Há também um tom intermitente e desagradável de antissemitismo no livro (que já havia aparecido esporadicamente nos escritos de Fujii na imprensa nissei do pré-guerra). Por exemplo, Fujii rejeita uma publicação rival, o Malaya Tribune , como uma ferramenta dos seus proprietários capitalistas chineses e judeus. “[Foi] a capital chinesa que permaneceu, juntamente com a ganância judaica, que fez o Malaya Tribune se prostituir com a propaganda de Chungking. No geral, o Malaya Tribune era um jornal mal editado. No seu esforço para agradar tanto a sua gestão judaica como o apoio de Chungking, o Tribune era, na melhor das hipóteses, um jornal barato e sensacional.”

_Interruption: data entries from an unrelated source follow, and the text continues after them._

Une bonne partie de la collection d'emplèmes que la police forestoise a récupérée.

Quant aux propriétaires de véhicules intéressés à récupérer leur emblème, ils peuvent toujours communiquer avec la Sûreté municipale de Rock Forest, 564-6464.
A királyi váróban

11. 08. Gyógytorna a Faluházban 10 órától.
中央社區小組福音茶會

Os escritos de John Fujii no Singapore Herald antes da guerra fizeram dele uma figura controversa. Durante a Segunda Guerra Mundial foram publicados dois livros que comentavam sobre ele. Em seu livro de 1943, Suez to Singapore , o correspondente de rádio da CBS Cecil Brown o chamou de "Johnny Fuji, o espião japonês". De acordo com Brown, Fujii era um agente japonês que esteve estacionado em Singapura nos meses anteriores a Pearl Harbor para entreter dignitários americanos visitantes, jornalistas e outros em bares e jantares, e induzi-los a oferecer informações confidenciais.

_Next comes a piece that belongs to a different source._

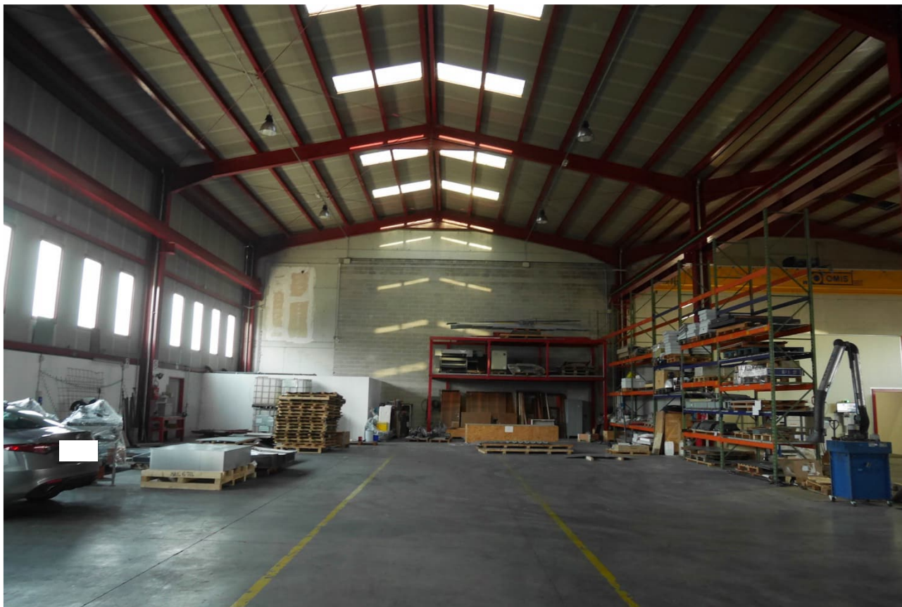
FOTO 14 - Porzione ad uso capannone industriale.

Os amigos nisseis de Fujii, como Larry Tajiri, que sabiam de seu gosto por sair pela cidade, responderam acusando Brown de ter confundido tal simpatia com um esforço de inspiração oficial para obter informações. Em vez disso, afirmaram de forma bastante pungente, estas foram as ações de um americano com saudades de casa que queria desesperadamente falar com alguém do seu país de origem." Mark J. Gayn, uma autoridade em assuntos do Extremo Oriente que frequentou a escola com Fujii no Pomona College, também fez o mesmo. teve uma visão mais generosa em suas memórias de 1944, Journey from the East , vendo Fujii principalmente como uma vítima das circunstâncias.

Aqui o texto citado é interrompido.